Now, let's get back to your question: your "equivalent" example is not really representative, as you're considering CSIZE and CS8 to contain no value.

So let's get through the code you've taken from the example:

tty.c_cflag     &=  ~PARENB;            // No Parity
tty.c_cflag     &=  ~CSTOPB;            // 1 Stop Bit
tty.c_cflag     &=  ~CSIZE;
tty.c_cflag     |=  CS8;                // 8 Bits

Here, tty.c_cflag contains an unknown value:

0b????????????????????????????????

And you know you want no parity, one stop bit, and a data size of 8 bits. So here you're negating the "set parity" value to turn it off:

~PARENB == 0b0111111111111

And then using the And operator, you're forcing the bit to zero:

tty.c_cflag &= ~PARENB —→ 0b???????????????????0????????????

Then you do the same with CSTOPB:

tty.c_cflag &= ~CSTOPB —→ 0b???????????????????0?0??????????

and finally CSIZE:

tty.c_cflag &= ~CSIZE  —→ 0b???????????????????0?000????????

For CSIZE, the goal is to make sure the two bit values for the length of data is reset. Then you set up the right length by forcing to 1 the value:

tty.c_cflag |= CS8     —→ 0b???????????????????0?011????????

Actually, resetting CSIZE to 00 and then setting up CS8 to 11 is useless, as doing directly tty.c_cflag |= CS8 will make it 11. But this is good practice in case you want to change from CS8 to CS7, which will then set only one of the two bits, the other one staying at the original value.

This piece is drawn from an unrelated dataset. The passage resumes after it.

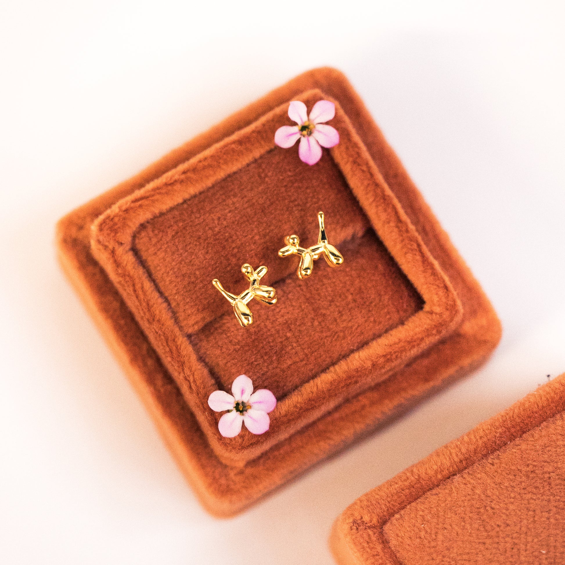 The Balloon Dog studs are paired here with the elegant Garter Hoops in burnt orange.

Finally, when you'll open your serial port, the library will check for those values to configure the port, and use defaults for all the other values you haven't forced and you'll be able to use your serial port.

I hope my explanation is helping you to better understand what's going on with flag settings on the serial port, and the use of bitmasks altogether. FYI, the same principle is being used for a lot of other things, like for example IPv4 netmasks, file I/O, etc.